Job or Money
【*】Would you quit your job if you didn't need the money? In a 1990 poll by the Gallop Organization, many people said quitting work was an important reason to be rich. Yet researchers find that work is one of life's chief satisfactions for people.
Consider W. Berry Fowler. In 1979, Fowler started a tutoring company that became so successful he was able to sell out and retire in 1978a multimillionaire at 40. He bought a 50-foot cabin cruiser and a house in Hawaii, and busied himself vacationing.
But after five years of perpetual vacation, Fowler began to miss the challenges of work. So in 1992, he bought a fitness chain for children and now spends 75 hours a week immersed in balance sheets and staff meetings."My best days on the golf course weren't half as much fun as a good day at the office, he says.
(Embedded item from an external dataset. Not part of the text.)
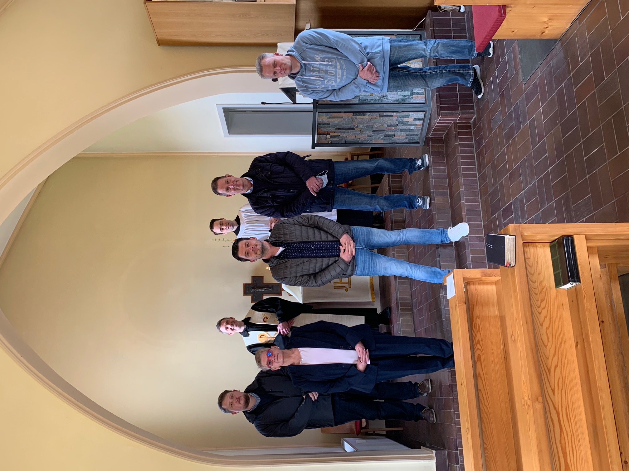 Das Bild zeigt den kompletten Vorstand v.l.n.r.: Tim-Christian Hebold, Annegret Beining, Pastor Ullrich Volkmar, Tim Niemann, Vikar Felix Hammer, Ulrich Pettenpaul, Karsten Meier.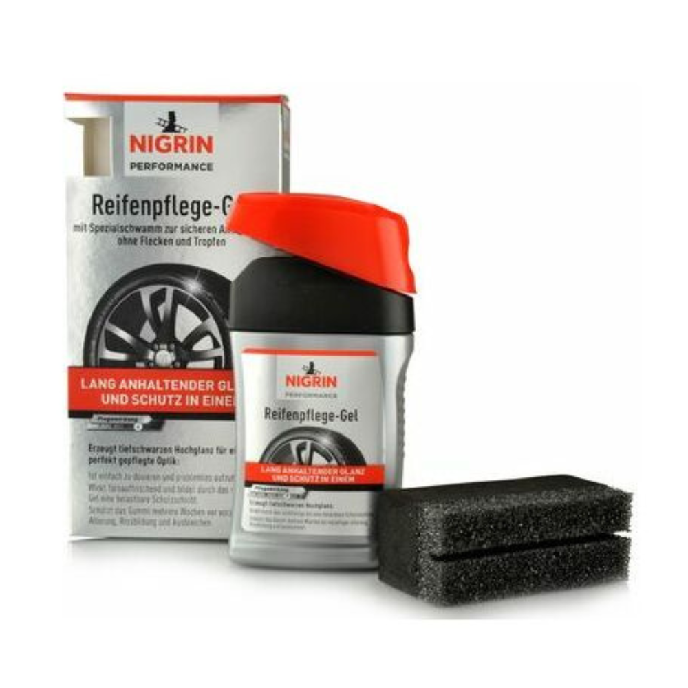 NIGRIN Performance gel za negu guma dugoročno pomaže u očuvanju vrednosti i daje vašem vozilu izgled kao nov. Stvara duboki crni sjaj i istovremeno štiti gume od prevremenog starenja i pucanja. Gel za negu guma formira dugotrajan, UV-otporan, prljavštinu i vodu odbijajući zaštitni sloj, čime smanjuje potrebu za čestim održavanjem.

A job, studies show, is more than a paycheck. Doing something well can increase confidence and self-worth. When sociologist H. Ray Kaplan surveyed 139 lottery millionaires, he discovered 60 percent continued working at least a year after they’d won.
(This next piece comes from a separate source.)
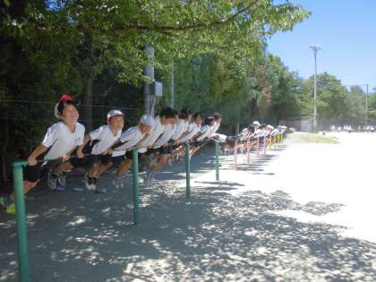 青空のもと,体育の時間に鉄ぼう学習を行いました。

If jobs are so important, wouldn't salary size be a gauge of job satisfaction? Americans think so. A survey conducted last year by Roper Starch Worldwide, Inc. , found that almost 70 percent of the respondents said they would be happier if their families had twice as much household income. Yet studies show that job satisfaction comes less from how much people earn than from the challenge of their jobs and the control they are able to exert. Work that doesn't engage a person will never seem rewarding, no matter how lucrative it becomes.